By Paulina Gajewski
From earthenware dishes stacked across shelves in department stores, to particularly placed porcelain in a grandmother’s kitchen cabinet, to sculptures littered across museums, pottery has shaped arts and cultures around the world.
Brooklyn College offers some courses relating to studio practice in ceramics, but students on campus can engage themselves with pottery in a lax environment outside of the classroom. A year ago, Angela Auriti, who is currently pursuing a BFA in art, revived the Brooklyn College Ceramics Club.
The once bustling club had ceased its efforts during the period of quarantine. A plethora of clubs on campus also faced the same issue, wondering how effective it would be to continue meetings on an online platform. Pottery, a tactile art that depends heavily on hands-on work, is work best left for an in-person environment.

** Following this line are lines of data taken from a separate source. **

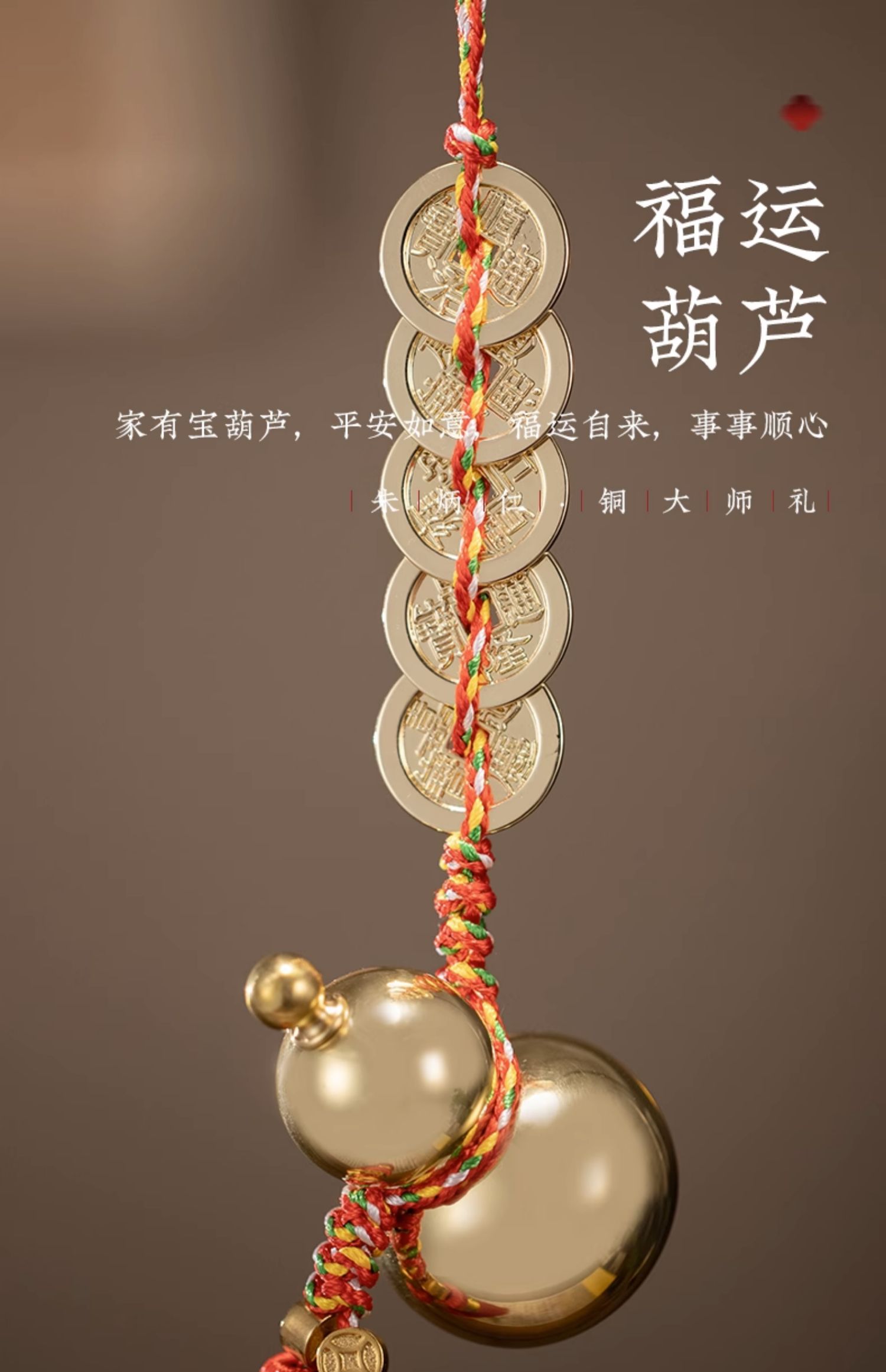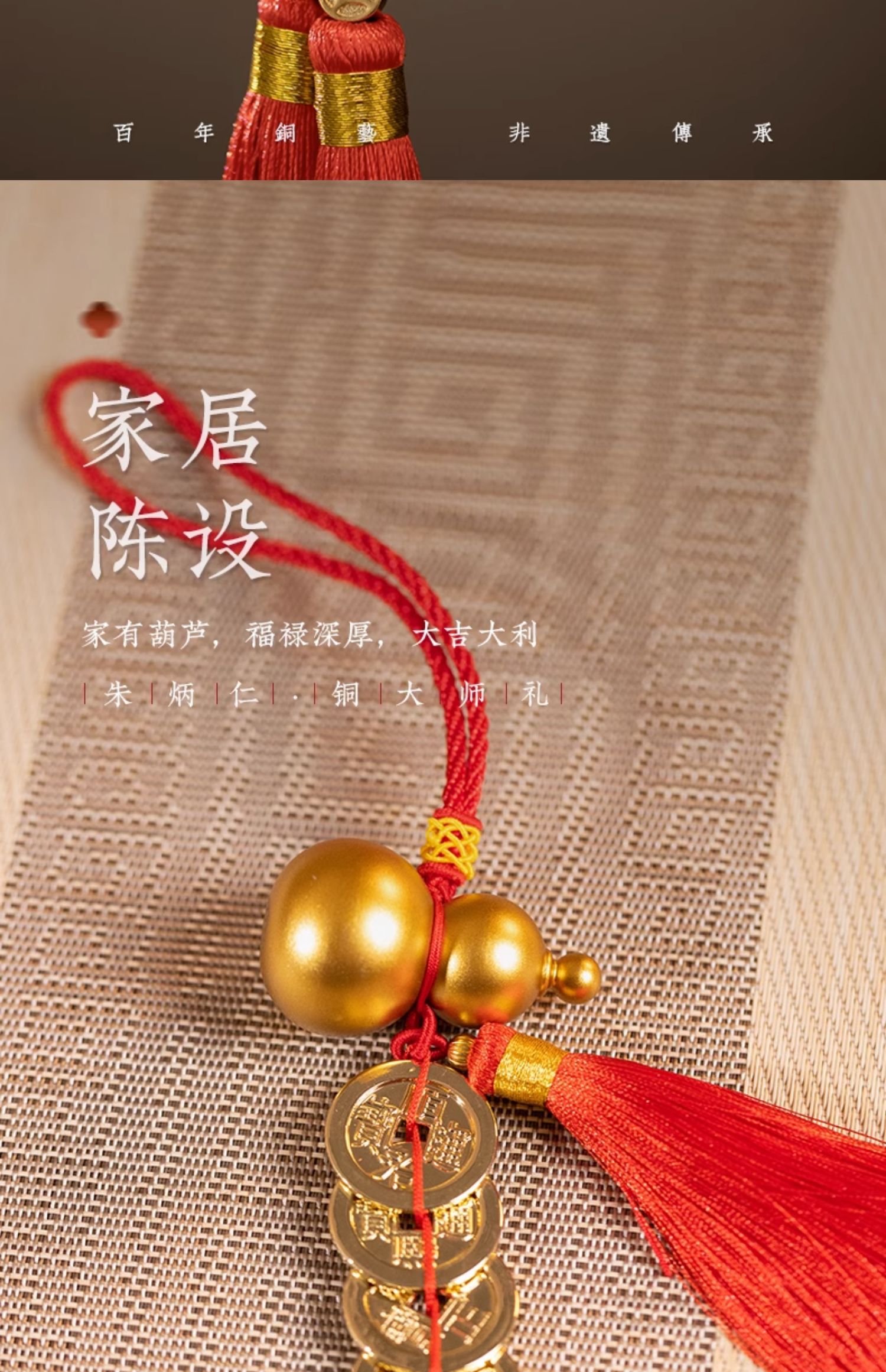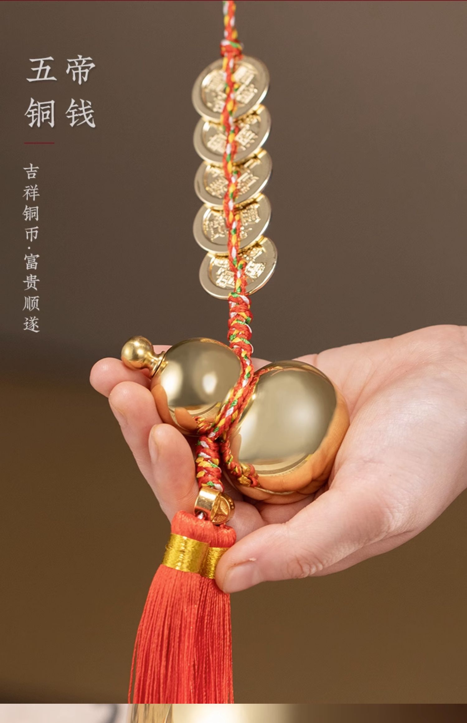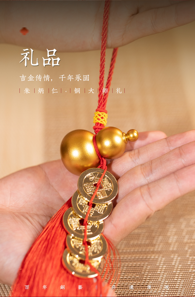 福运葫芦挂件 五帝钱铜葫芦 黄铜葫芦【朱炳仁铜】
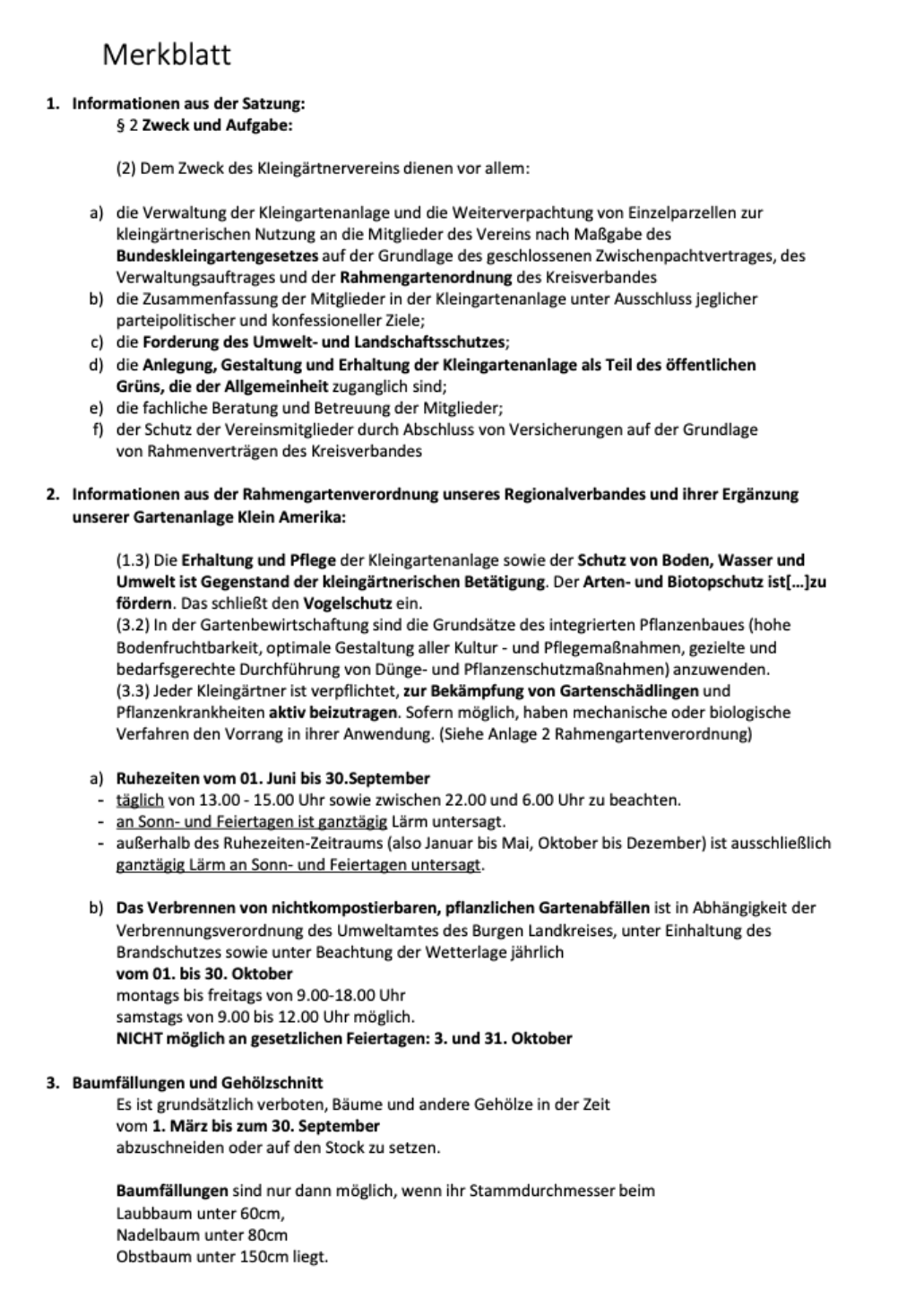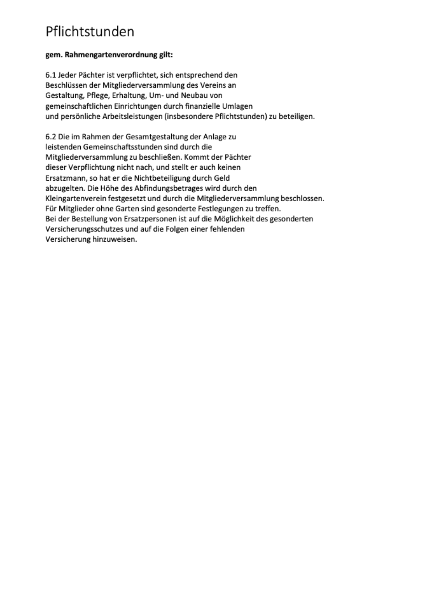Als gemeinnütziger Verein sind Zweck und Aufgaben in unserer Satzung festgeschrieben. Die Verwaltung der Kleingartenanlage und die Weiterverpachtung von Einzelparzellen zur kleingärtnerischen Nutzung an die Mitglieder des Vereins nach Maßgabe des Bundeskleingartengesetzes (BKleinG) ist ein Beispiel dafür. Unser gemeinnütziger Vereinszweck beruht auf Grundlage des Verwaltungsauftrages und der Rahmengartenordnung (RO) des Kreisverbandes sowie der ergänzenden Rahmengartenordnung (Ergänzung-RO).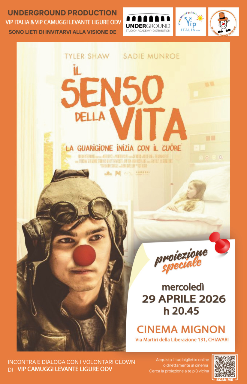 La pellicola, diretta da Cat Hostick e distribuita da Underground, racconta la storia di Finn Faber, un giovane musicista che lavora come clown terapeuta in un reparto pediatrico stringendo un legame profondo con Sophia, una bambina affetta da leucemia. Questo evento rappresenta la prima tappa ligure del tour di proiezioni organizzato da VIP ViviamoInPositivo Italia OdV in collaborazione con Uci Cinemas e vedrà la partecipazione dei volontari clown di VIP Camuggi Levante Ligure, che festeggiano i dieci anni di attività e saranno presenti in sala per condividere l’impatto concreto della clownterapia nelle strutture ospedaliere, nelle RSA, nei centri giovanili e nelle scuole del territorio.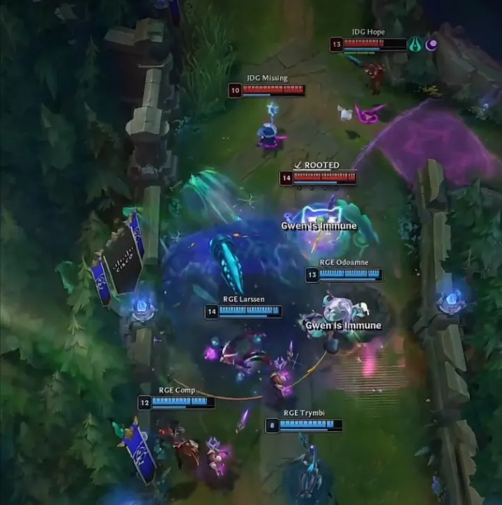 第三局,也是常规bp,你硬实力打不过我,那我就选自己熟悉的,哪怕中下对线上弱一点,因为硬实力强过你,那就稳着打团就行了。上路369奥恩10分钟压40刀,这局rge就处理不掉他了。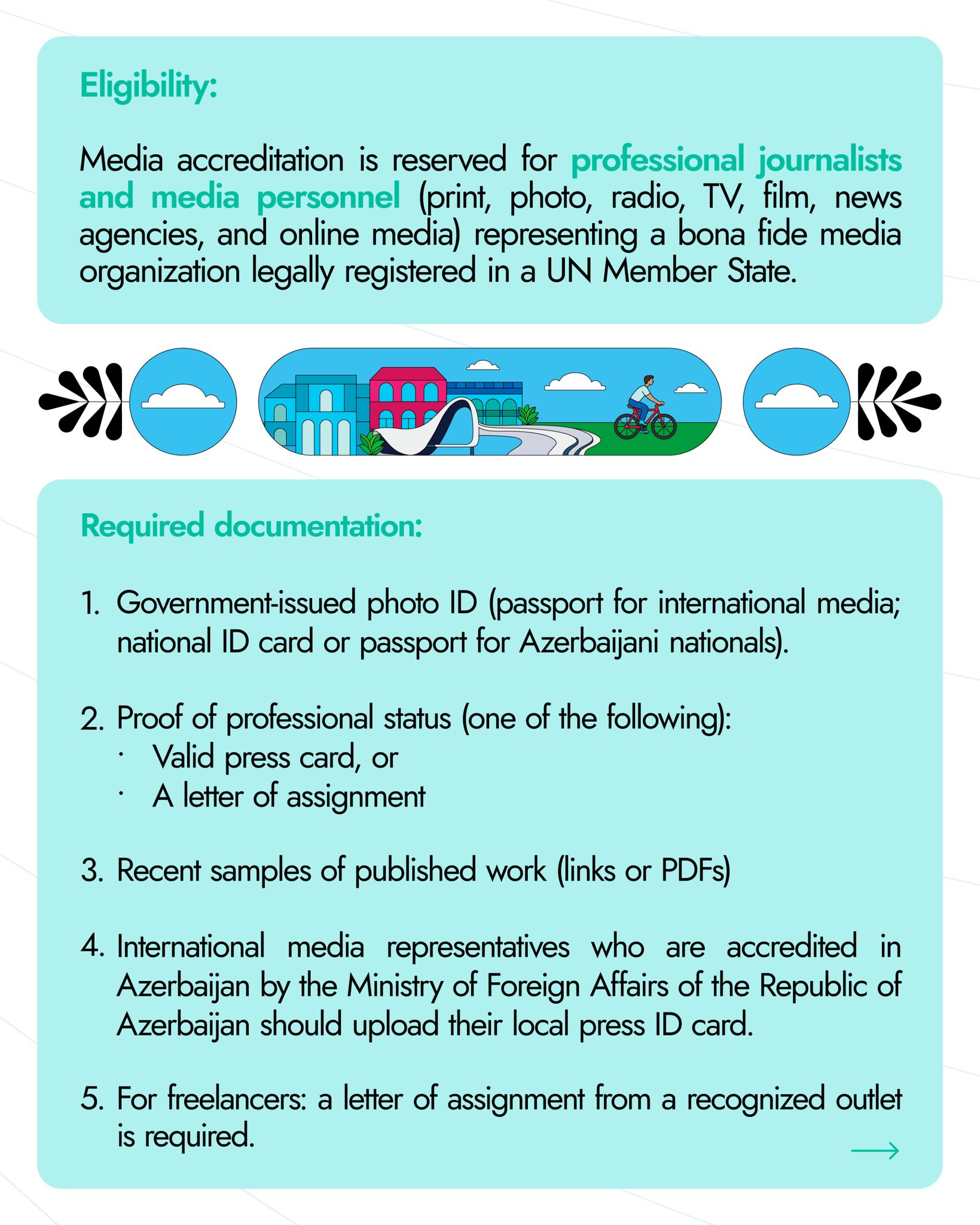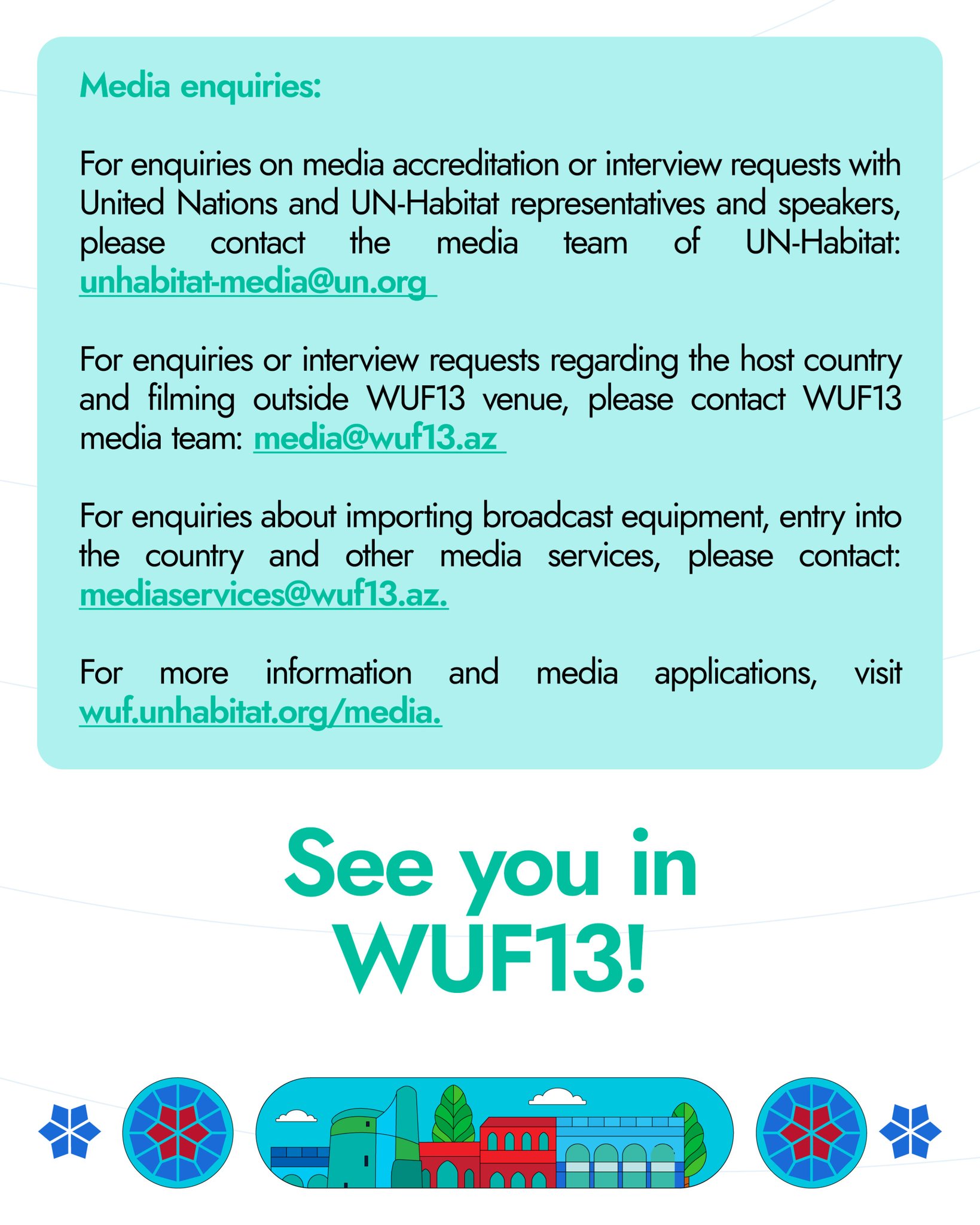 Operativ Media xəbər verir ki, media akkreditasiyası BMT-yə üzv ölkələrdə qanuni qeydiyyatdan keçmiş və etibarlı media qurumlarını təmsil edən peşəkar jurnalistlər üçün nəzərdə tutulur və yalnız UN-Habitat-ın rəsmi onlayn sistemi - events.unhabitat.org - vasitəsilə həyata keçirilir. Elektron və ya adi poçtla göndərilən müraciətlər qəbul edilmir.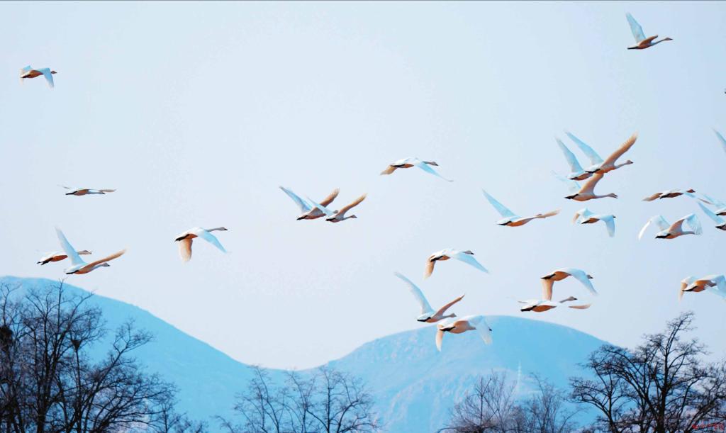 在忻府區(qū)永豐莊,成群結(jié)隊(duì)的天鵝舒展著潔白的羽翼在天空翱翔,或引吭高歌,或盤旋飛舞,與周圍的田野、藍(lán)天構(gòu)成了一幅和諧而靈動(dòng)的唯美畫卷。 (張 鵬攝)

“When we first started, I went to the involvement fair and had gotten over a hundred twenty signatures. Most of those people came for the first few weeks, but it really trickled down to a close knit group of people,” said club president Auriti, noting that larger numbers don’t indicate more success or passion and was glad that those who stayed really wanted to be there and make art.
Auriti, who started off as a film major, decided to pursue a different path after taking a painting class as an elective course. Clay, however, is a medium set apart from other physical art forms. She preferred a 3D artistic endeavor over 2D, or “flat” art.
Nana Santini, a member of the Ceramics Club and a student at BC pursuing childhood education with a concentration in art, notes that the community and environment above all is what makes the club special. “You want it to be a safe space,” she told The Vanguard. “When you are doing something for the first time and you have no real knowledge of it, you don’t want people to judge you. You want to enter a space where you can ask questions.”
The club starts off each semester with a syllabus, which outlines the different varieties of ceramics they hope to work on. This by no means signifies that creativity is diluted. The majority of the members in the room were working on pinch pots, in which students simply pinch clay into a desired shape. Though the same method was used across the room, not one piece of work was similar to another in design.
“There is no exact way to deal with clay,” said Elizabeth Li, who is pursuing a BFA in art. “I like to just go with the flow. But clay can be a little temperamental. You can’t let it be too dry or too wet. After you know the basic rules, you can turn off your brain and work.”
Arts, whether pursued professionally or as a hobby, are generally associated with the element of inspiration and entertainment. Members like Emily Nguyen, a marketing major at BC, appreciate that pottery is a hands-on activity and is a long process. “Today, we’re just pinching the clay, but during the next meeting we’ll have to fire it, and then the next meeting, we’ll paint. It’s exciting knowing there’s always a next step,” she said.
Pottery is not just defined by working with the medium of clay. Combined with science and technology, pottery can form not only aesthetic features, but functional ones as well. Theo Stewart-Stand, who is currently pursuing a masters in sculpture, is working on a water feature that combines the two. “I’m working on a bird with a sensor, and the front presents itself like a water fountain.” Steward-Stand hopes that the sculpture will be placed somewhere on campus once it is completed.
In the wake of COVID, clubs across campus lessened in numbers until their presences were severely diminished. At the beginning of the second full year back, these clubs are currently attempting to bring back the lively communities that once flourished on campus.
“It’s always important to find something to let your creativity out, and pottery is perfect for that,” Nguyen said. The Ceramics Club meets every Friday in Whitehead Hall 104.